The exclude flag prevents scanning mounted network shares. Navigate with arrow keys - it visually shows directory sizes in descending order.

For servers without ncdu, this classic combination works:


sudo du -h --max-depth=1 / | sort -h -r

This shows all top-level directories sorted by size. Drill down into suspicious ones by adjusting max-depth.
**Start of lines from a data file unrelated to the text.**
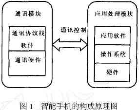 本文所提及的智能手机操作系统以及各种应用程序也就运行在这个CPU 上面。应用处理模块和通讯模块之间靠通讯控制模块相连。结构示意图如图1 所示。
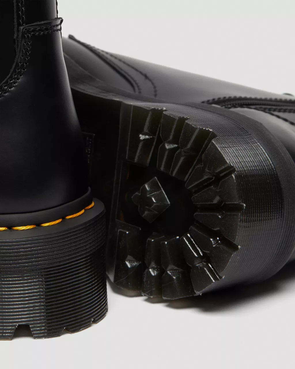Stai cercando qualcosa di audace? L'hai trovato. Il nostro stivale Jadon porta con sé 6 decenni di DNA Dr. Martens: un modello che non ha paura di farsi notare grazie alla sua imponente suola platform. Ispirata al nostro Original a 8 occhielli, lo stivale Jadon è realizzato in pelle Polished Smooth, che puoi lucidare a nuovo o lasciare che mostri i segni del tempo. L'inimitabile suola Quad presenta un motivo scanalato ed è rifinita dalle nostre caratteristiche cuciture gialle. Sul tallone, l'immancabile linguetta nera e gialla. Lo stivale presenta anche una comoda cerniera laterale. Qualunque sia il look, scegli di essere audace.
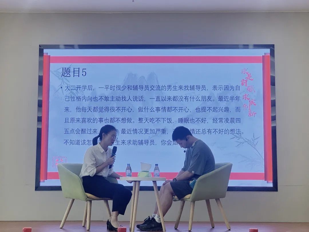 8月17日,福建船政交通職業(yè)學院輔導員素質(zhì)能力大賽圓滿落幕。經(jīng)過初賽的激烈角逐,我院輔導員張舒姨順利進入決賽。本次決賽由案例研討和談心談話兩輪測試組成,著重考察輔導員綜合運用理論分析問題、研判問題、解決問題的能力,對學生特征、學生成長成才規(guī)律的了解把握程度及對學生的教育引導能力、解決理論困惑和實際問題的能力等。
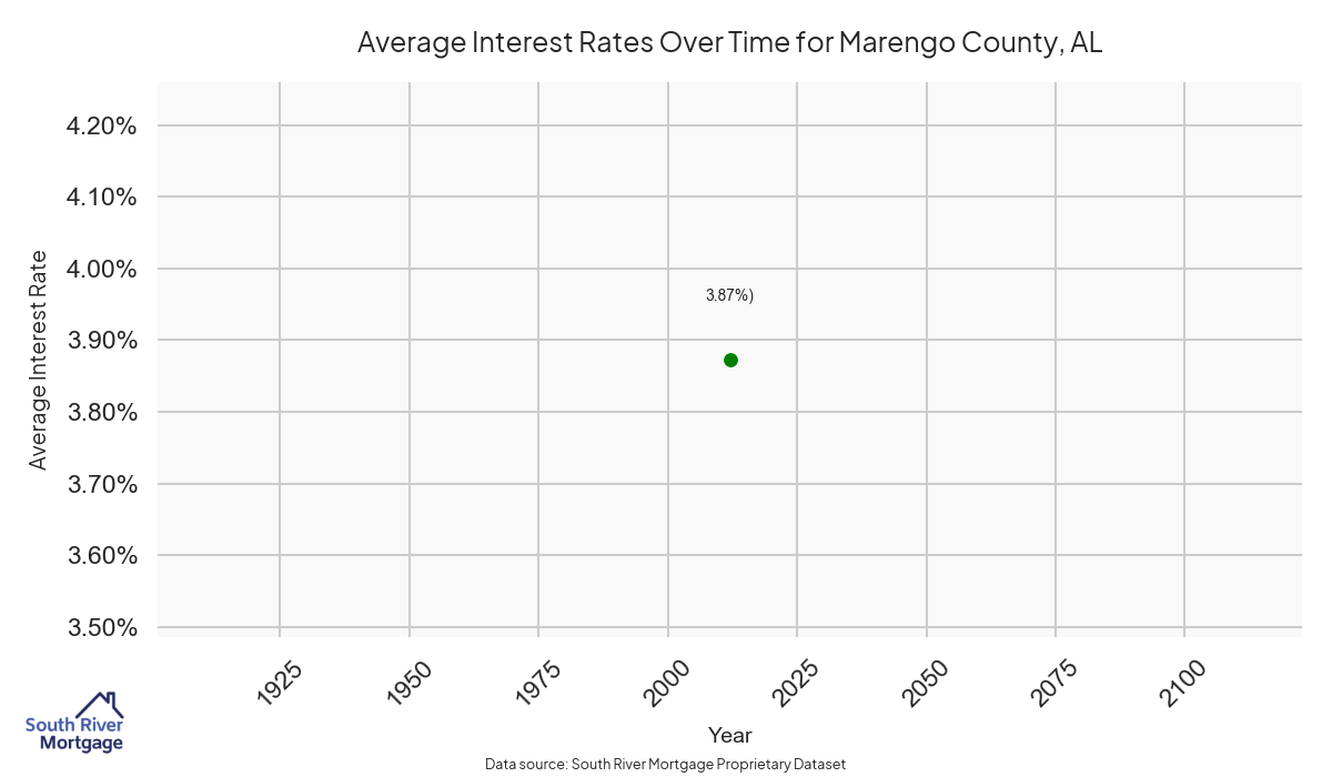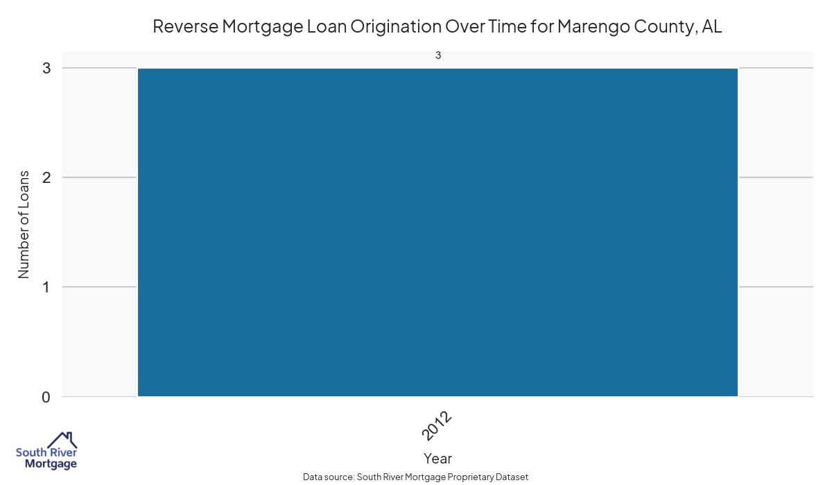 There are approximately 2 active reverse mortgage loans in Marengo County. The average interest rate in Marengo County is 6.86% for reverse mortgages. The average maximum claim amount (the lesser of the appraisal or lending limit), among reverse mortgage borrowers, in Marengo County was $75,000.00 in 2024.
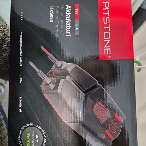Pitstone PSD004 Akku- ja paristolaturi, joka sopii 7.1-14.4 V akuille. Laturissa on LCD-näyttö ja se on IP65-luokiteltu, joten se kestää pölyä ja roiskeita. Laturin syöttöjännite on 220-240 V, 50 Hz, 0.75 A (max).
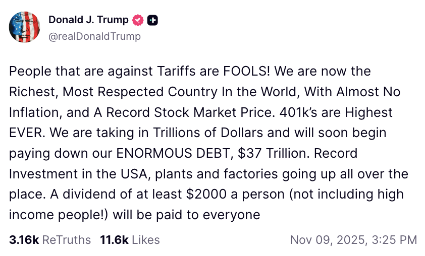 “Дивиденд в размере как минимум $2000 на человека (за исключением лиц с высоким доходом!) будет выплачен всем,” говорится в сообщении.

Some often-overlooked space consumers:


# Check for large deleted files still held by processes
sudo lsof | grep deleted

# Audit systemd journal logs
journalctl --disk-usage
sudo journalctl --vacuum-size=100M

# Check Docker disk usage
docker system df

Web server logs can silently consume gigabytes. Check with:


# For Apache
sudo du -sh /var/log/apache2
sudo ls -lah /var/log/apache2/*.log

# For Nginx
sudo du -sh /var/log/nginx
sudo ls -lah /var/log/nginx/*.log

MySQL/MariaDB can accumulate huge binary logs and temporary files:


# Check MySQL data directory
sudo du -sh /var/lib/mysql

# Check binary logs
sudo mysql -e "SHOW BINARY LOGS;"
sudo mysql -e "PURGE BINARY LOGS BEFORE NOW() - INTERVAL 7 DAY;"

For recurring issues, set up a cron job to alert when disk usage crosses thresholds:


#!/bin/bash
THRESHOLD=80
CURRENT=$(df / --output=pcent | tail -1 | tr -d '% ')

if [ "$CURRENT" -gt "$THRESHOLD" ]; then
  echo "WARNING: Disk usage at ${CURRENT}%" | mail -s "Disk Alert" admin@example.com
fi